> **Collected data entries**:

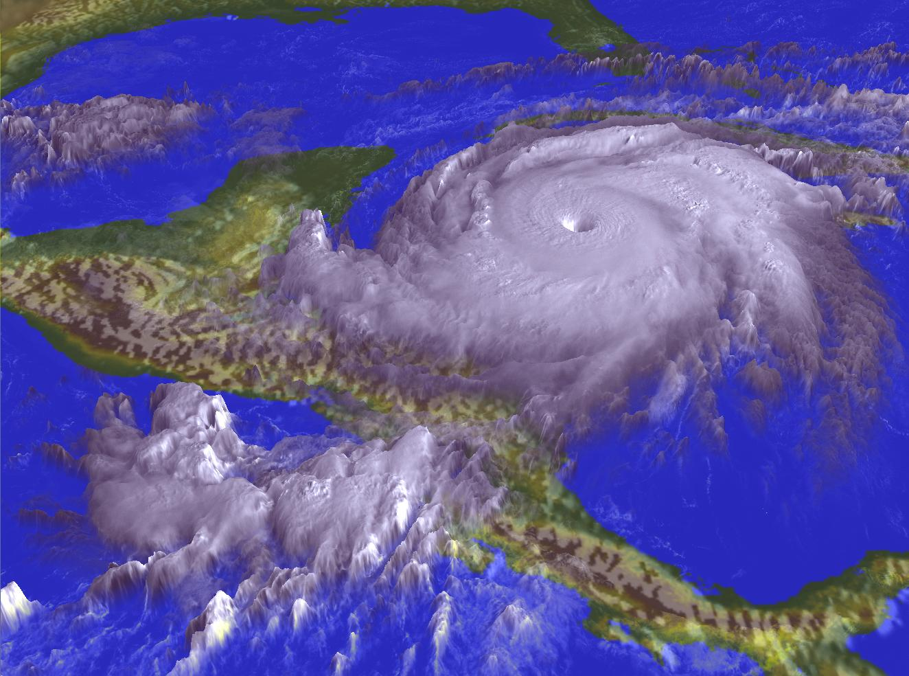 Hurricane Mitch approaching Honduras on 1998 October 26, 13:15 UT.
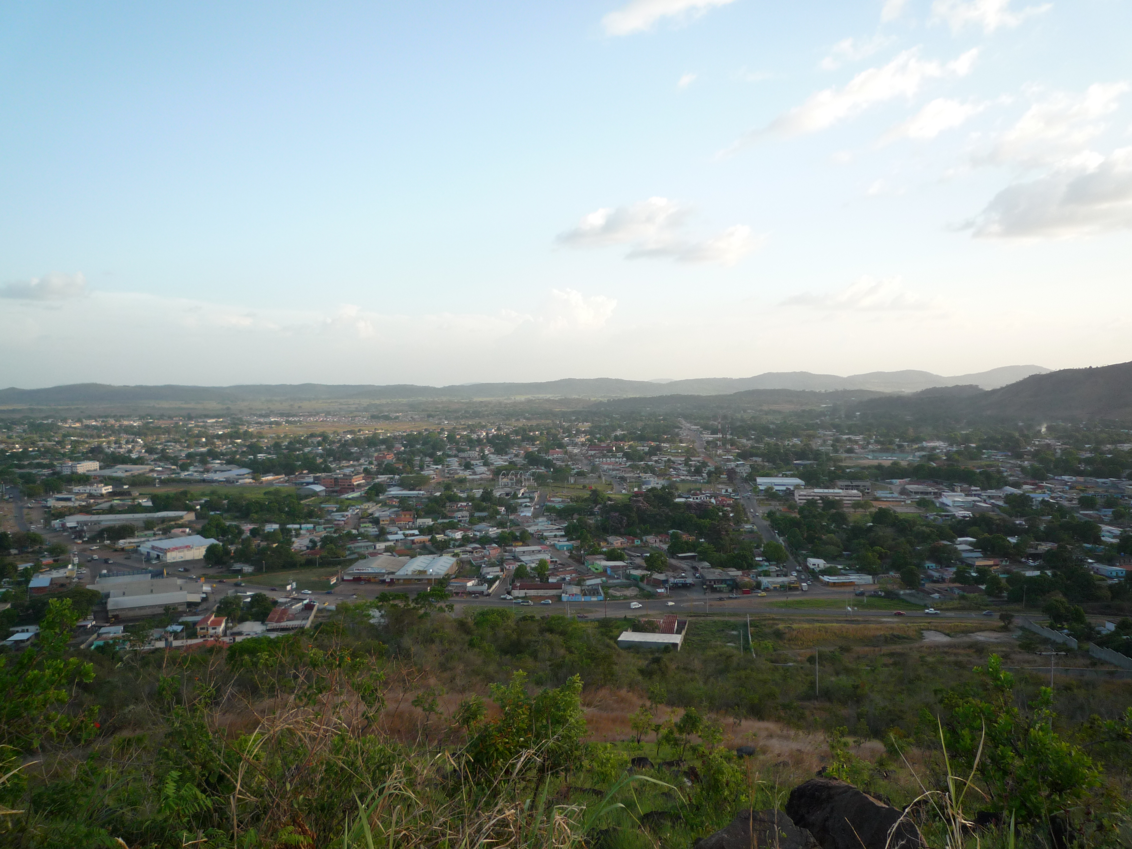 viwe of upata from the top of the mount
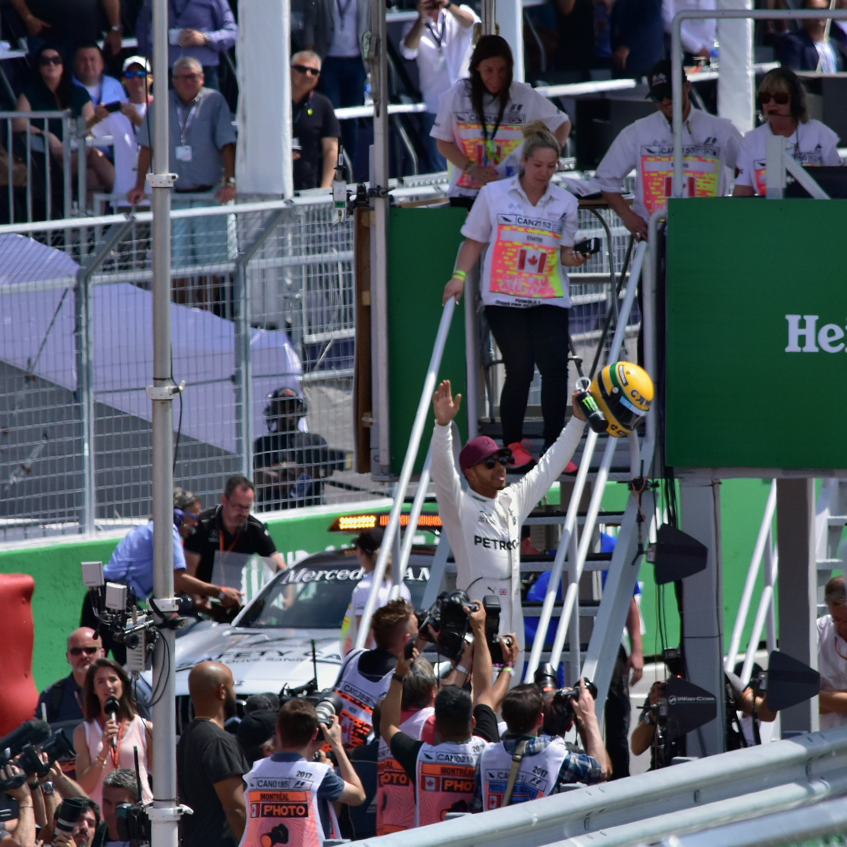 Showing Senna's helmet, that he had just been offered by the Senna family, the crowd.
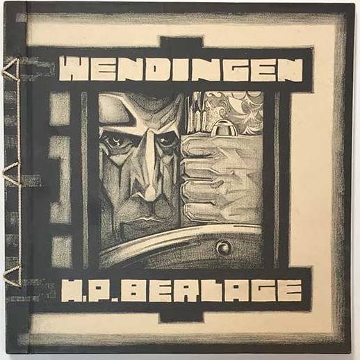 Cover of art Dutch art magazine Wendingen, Nov-Dec 1920. Design by Jacob Jongert
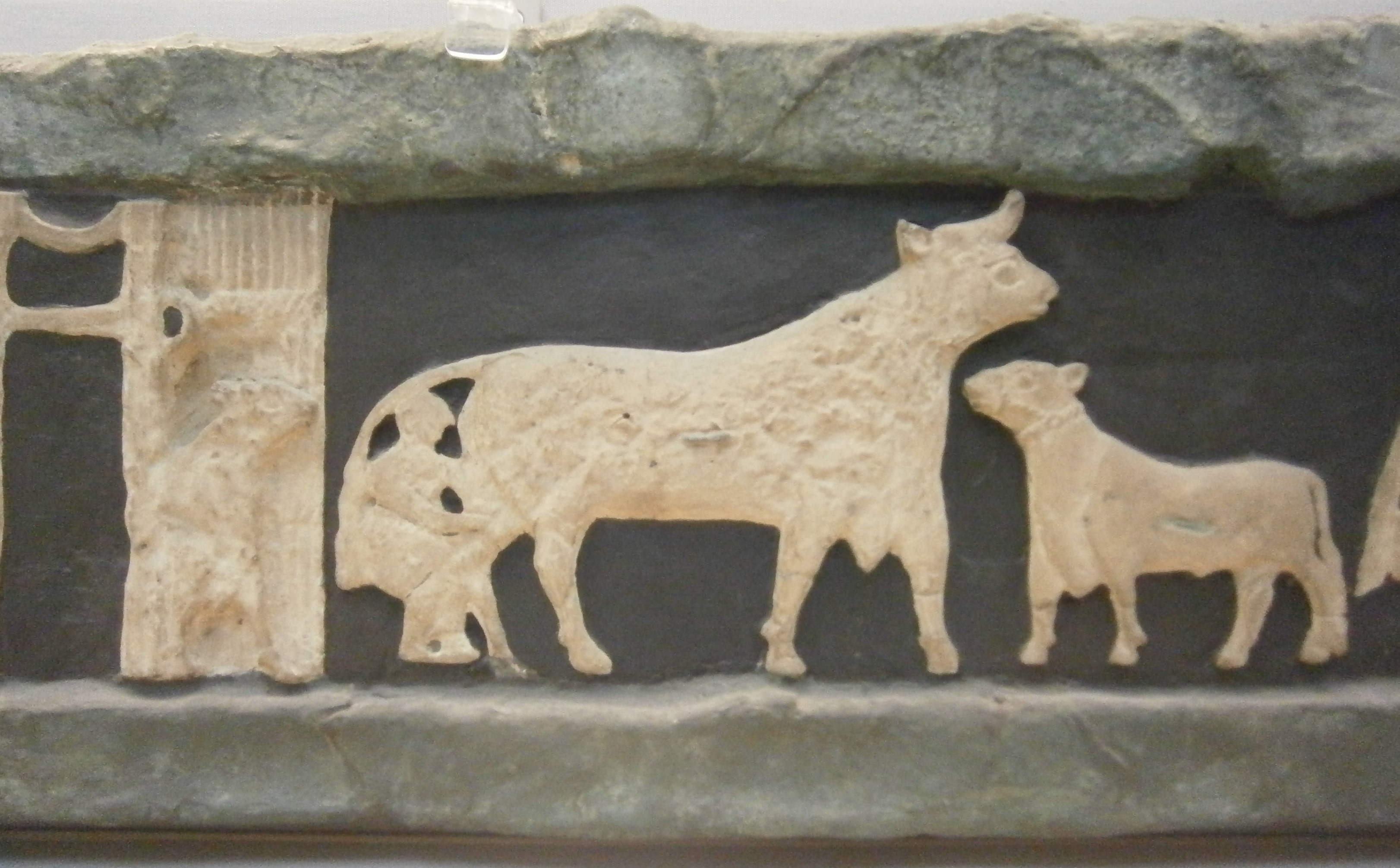 Dairy frieze: at the stable, a man milking a cow, with her calf. From Tell al-'Ubaid, shell and limestone, schist, bitument and copper panels. Date: Early Dynastic IIIB, c. 2500-2450 BC, reign of A-anne-pada of Ur.
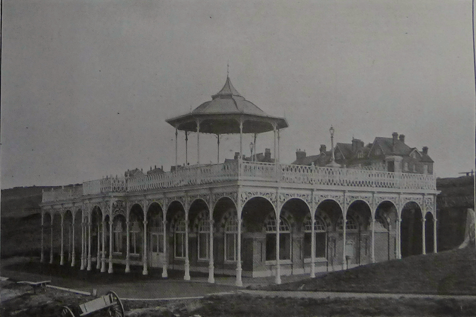 The Pavilion or Bandstand (later called the King's Hall), Herne Bay, Kent, England, at completion of its first phase, around March 1904. Points of interest The ironwork (which still exists) was originally painted white or a very light colour. The bandstand no longer exists on top of King's Hall.
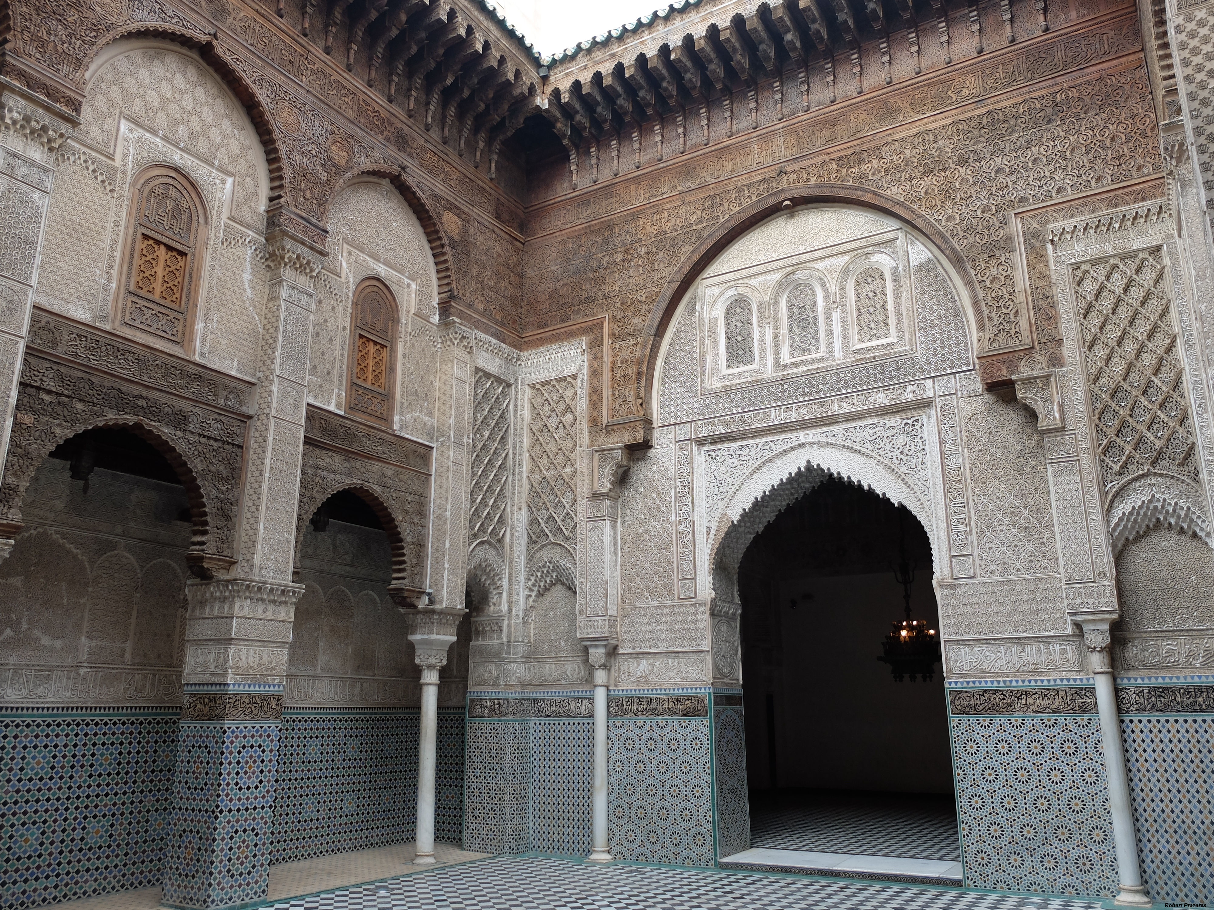 Al-'Attarin Madrasa
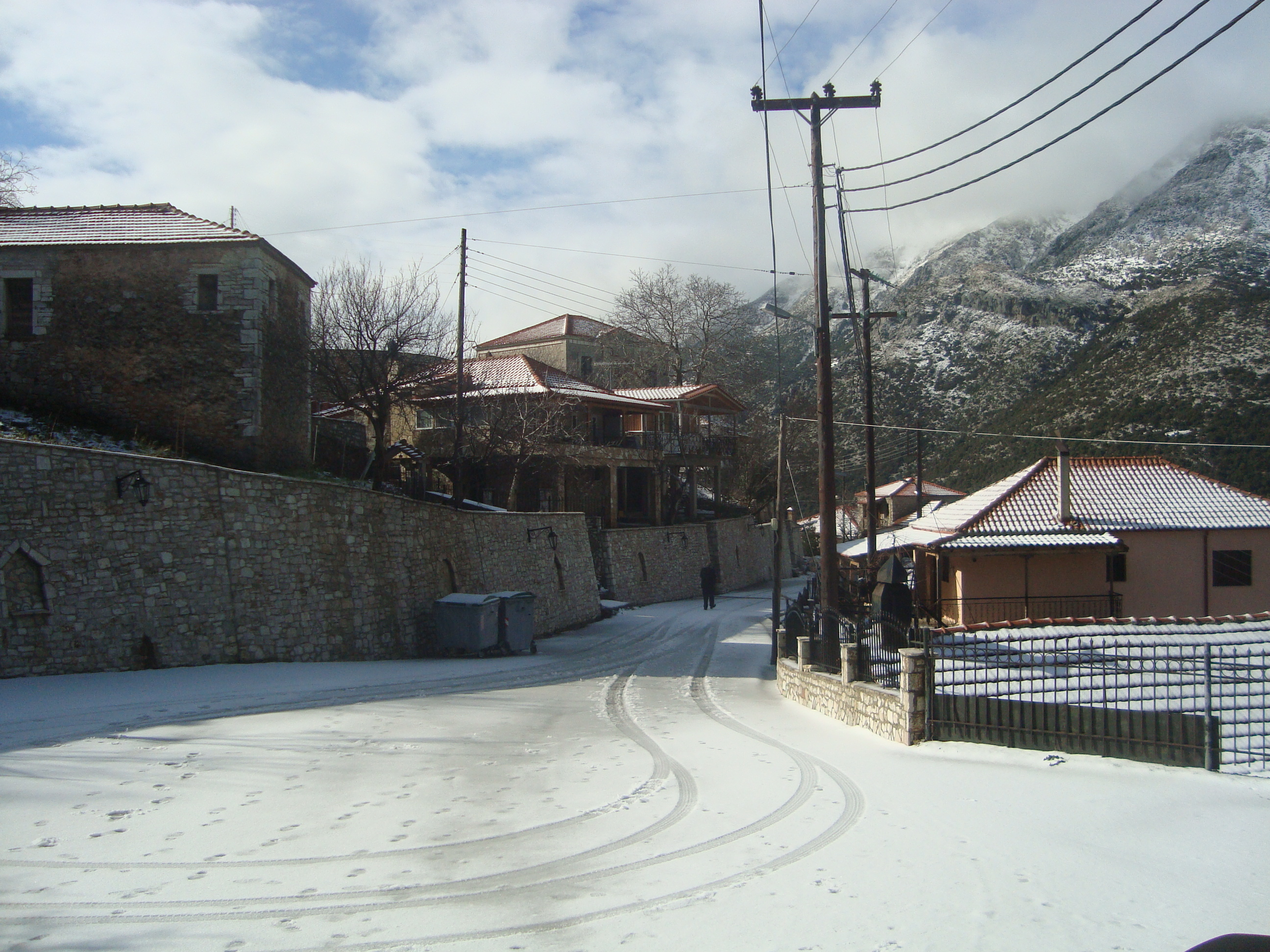 Kryobrysh - Kriobrisi village , Elis, Greece
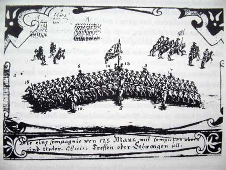 Swedish cavalry formation as seen in the drill regulations of year 1707.
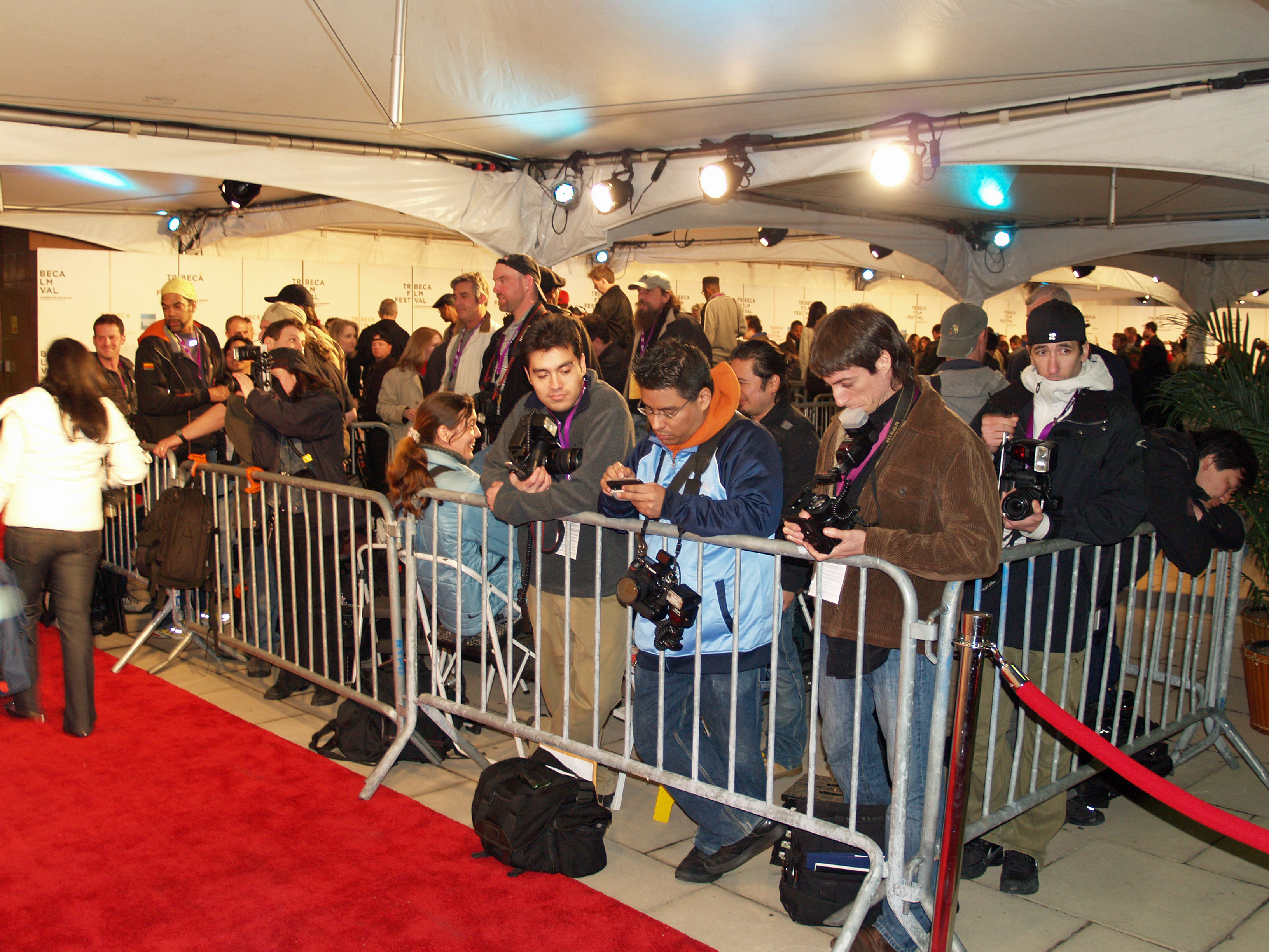 Celebrity Photographers at the Tribeca Film Festival
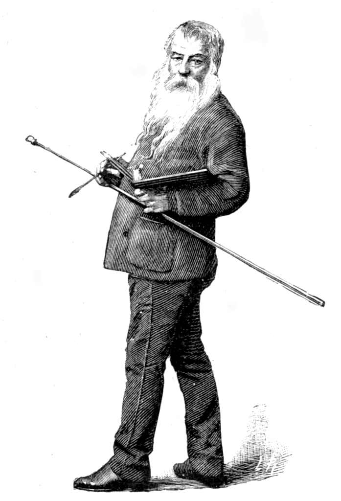 picture of Ernest Meissonier
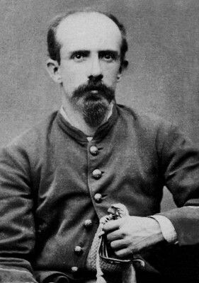 Ignacio Carrera Pinto (February 5, 1848 – July 9, 1882) is a Chilean hero of the War of the Pacific.
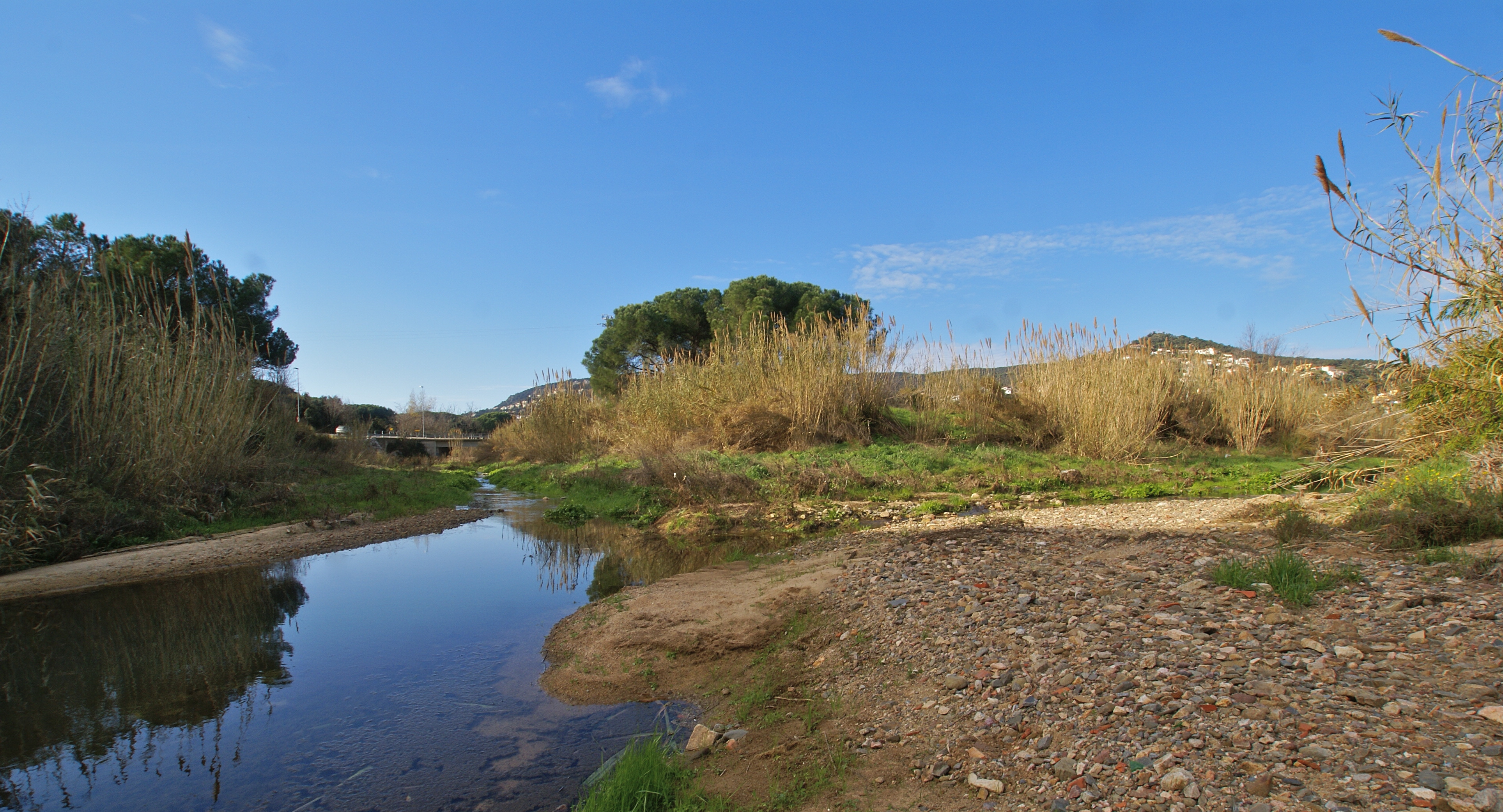 Calonge, Catalonia: Confluence of the Rifred and the Riera dels Molins into the Riera de Calonge

> **WORK TASK**: Pictures are to be left out; all other data must be returned exactly.

> **SOLUTION FOR THIS TASK**:
 Hurricane Mitch approaching Honduras on 1998 October 26, 13:15 UT.
 viwe of upata from the top of the mount
 Showing Senna's helmet, that he had just been offered by the Senna family, the crowd.
 Cover of art Dutch art magazine Wendingen, Nov-Dec 1920. Design by Jacob Jongert
 Dairy frieze: at the stable, a man milking a cow, with her calf. From Tell al-'Ubaid, shell and limestone, schist, bitument and copper panels. Date: Early Dynastic IIIB, c. 2500-2450 BC, reign of A-anne-pada of Ur.
 The Pavilion or Bandstand (later called the King's Hall), Herne Bay, Kent, England, at completion of its first phase, around March 1904. Points of interest The ironwork (which still exists) was originally painted white or a very light colour. The bandstand no longer exists on top of King's Hall.
 Al-'Attarin Madrasa
 Kryobrysh - Kriobrisi village , Elis, Greece
 Swedish cavalry formation as seen in the drill regulations of year 1707.
 Celebrity Photographers at the Tribeca Film Festival
 picture of Ernest Meissonier
 Ignacio Carrera Pinto (February 5, 1848 – July 9, 1882) is a Chilean hero of the War of the Pacific.
 Calonge, Catalonia: Confluence of the Rifred and the Riera dels Molins into the Riera de Calonge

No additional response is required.